The operation of the SPI_HOST IP proceeds in seven general steps.
To initialize the IP:
- Program the
CONFIGOPTS
multi-register with the appropriate timing and polarity settings for eachcsb
line. - Set the desired interrupt parameters
- Enable the IP
Then for each command:
- Load the data to be transmitted into the FIFO using the
TXDATA
memory window. - Specify the target device by programming the
CSID
- Specify the structure of the command by writing each segment into the
COMMAND
register- For multi-segment transactions, be sure to assert
COMMAND.CSAAT
for all but the last command segment
- For multi-segment transactions, be sure to assert
- For transactions which expect to receive a reply, the data can then be read back from the
RXDATA
window.
These latter four steps are then repeated for each command. Each step is covered in detail in the following sections.
For concreteness, this Programmer's Guide uses examples from one of our primary target devices, the W25Q01JV flash from Winbond. The SPI_HOST IP is however suitable for interacting with any number of SPI devices, and the same mode of operation can be used for any SPI device.
The CONFIGOPTS
multi-register must be programmed to reflect the requirements of the attached target devices.
As such these registers can be programmed once at initialization, or whenever a new device is connected (e.g., via changes in the external pin connections, or changes in the pinmux configuration).
The proper settings for the CONFIGOPTS
fields (e.g., CPOL and CPHA, clock divider, ratios, and other timing or sampling requirements) will all depend on the specific device attached as well as the board level delays.

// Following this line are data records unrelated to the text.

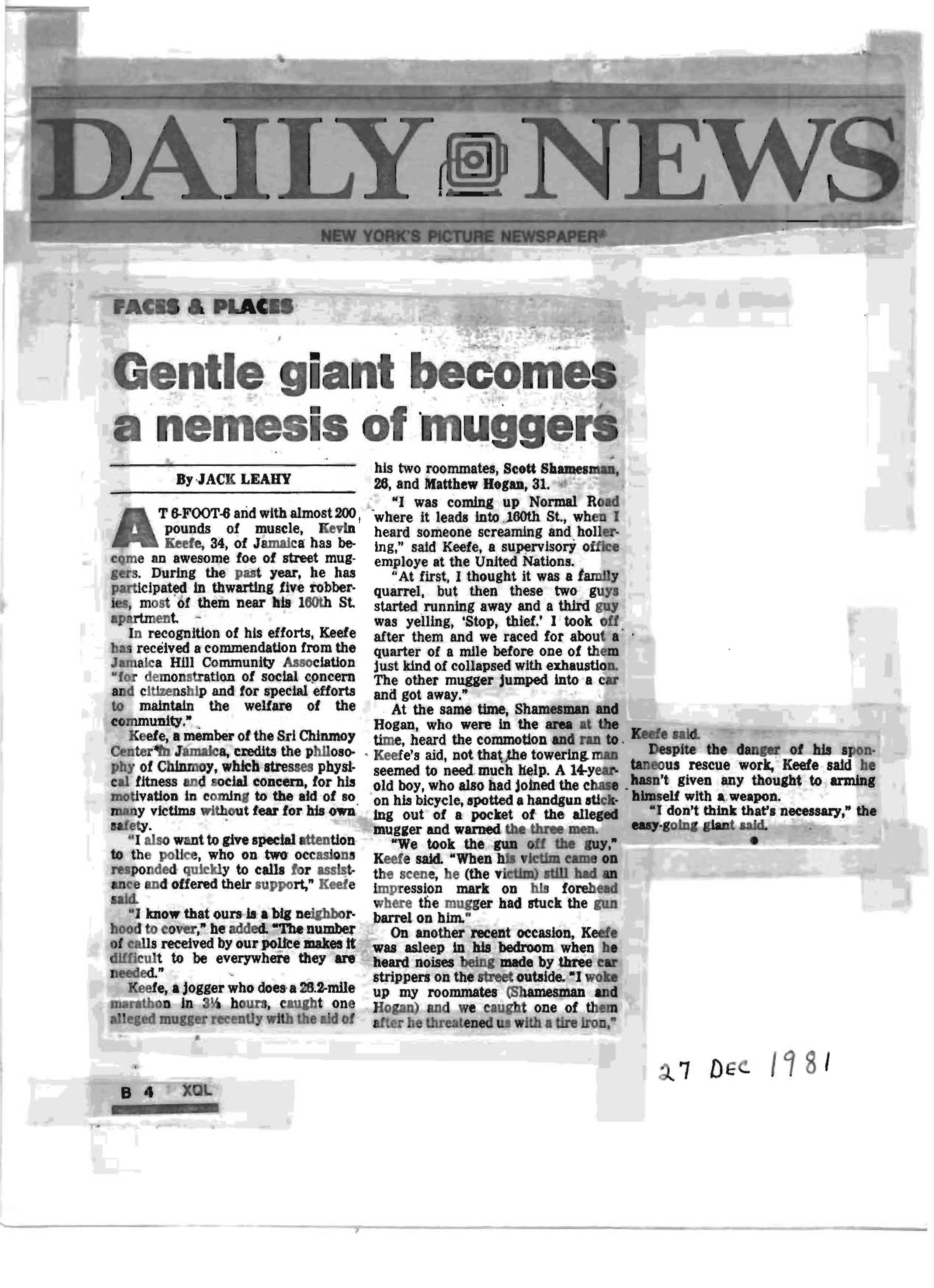 Community appreciates (Meditation Group member): muggers’ Nemesis, NY Daily News, 1981 Dec 27
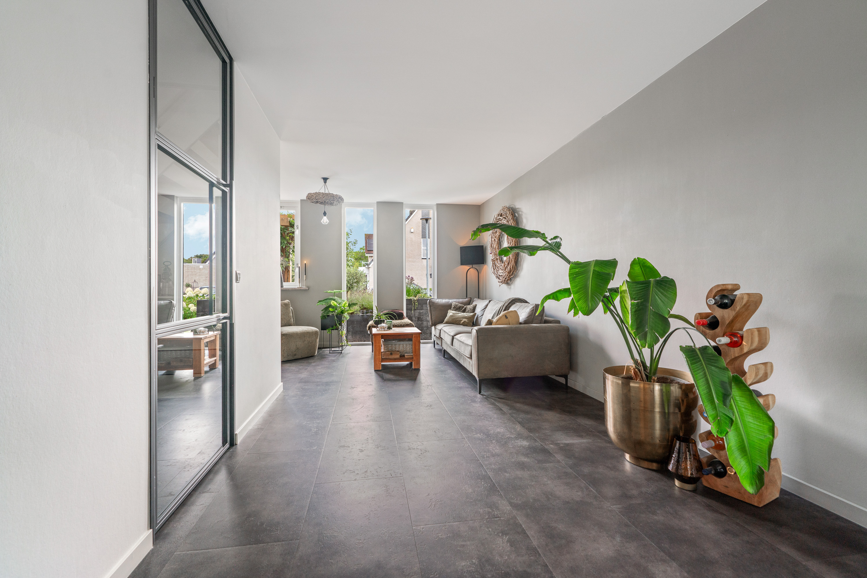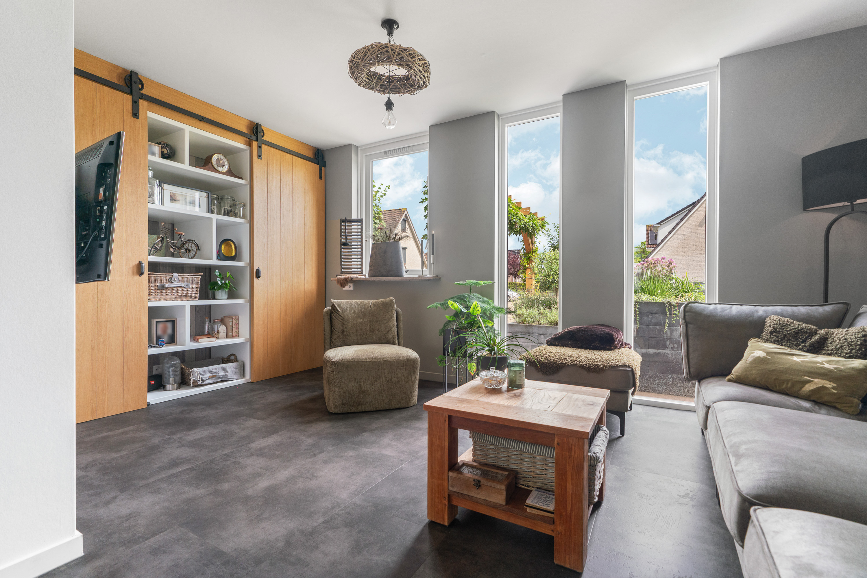 De woonkamer heeft een gezellige beleving hetgeen wordt gecreëerd door de algehele aankleding en afwerking. Het meest in het oog springend zijn toch wel de eikenhouten schuifdeuren met robuuste zwartstalen geleider. In het midden is een nis gecreëerd en voorzien van bijbehorende wandplanken. Achter één van de schuifpanelen zou je een TV kunnen plaatsen/ophangen. Speelse ramen tot aan de vloer zorgen voor een fijne lichtinval en speels karakter. De wanden en het plafond zijn strak gestuct waarbij wandcontactdozen zijn vervangen en uitgebreid. De vloer is bekleed met PVC en voorzien van vloerverwarming. Hierdoor konden de radiatoren weggelaten worden. Erg trendy is de zwartstalen deur tussen de woonkamer en de hal. Dit zorgt tevens voor een open karakter en meer daglicht in de hal.
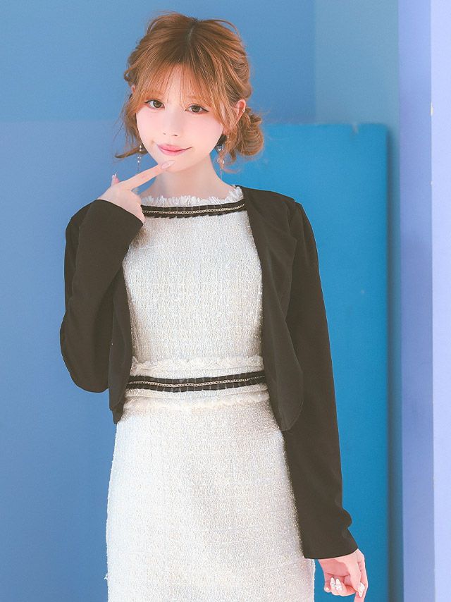 3. ボレロ ジャケット ノーカラー ショート丈 長袖 体型カバー 羽織り (若林萌々着用)

The next step is to configuration the interrupts for the SPI_HOST. This should also be done at initialization using the following register fields:
-
The
ERROR_ENABLE
register should be configured to indicate what types of error conditions (if any) should be ignored to not trigger an interrupt. At reset, these fields are all set indicating that all error classes trigger an interrupt. -
For interrupt driven I/O the
EVENT_ENABLE
register must be configured to select the desired event interrupts to signal the desired conditions (e.g. "FIFO empty", "FIFO at the watermark level", or "ready for next command segment"). By default, this register is all zeros, meaning all event interrupts are disabled, and thus all transactions must be managed by polling the status register.- When using the FIFO watermarks to send interrupts, the watermark levels must be set via the
CONTROL.RX_WATERMARK
andCONTROL.TX_WATERMARK
fields.
- When using the FIFO watermarks to send interrupts, the watermark levels must be set via the
-
The event and error interrupts must finally be enabled using the
INTR_ENABLE
register.
The IP must be enabled before sending the first command by asserting the CONTROL.SPIEN
bit.
As mentioned above, each command is typically specified in three phases: loading the TX data, specifying the command segments/format, and reading the RX data. In principle, the first two steps can be performed in either order. If the SPI_HOST does not find any data to transmit it will simply stall until data is inserted. Meanwhile, the RX data is only available after the command format has been specified and processed by the state machine.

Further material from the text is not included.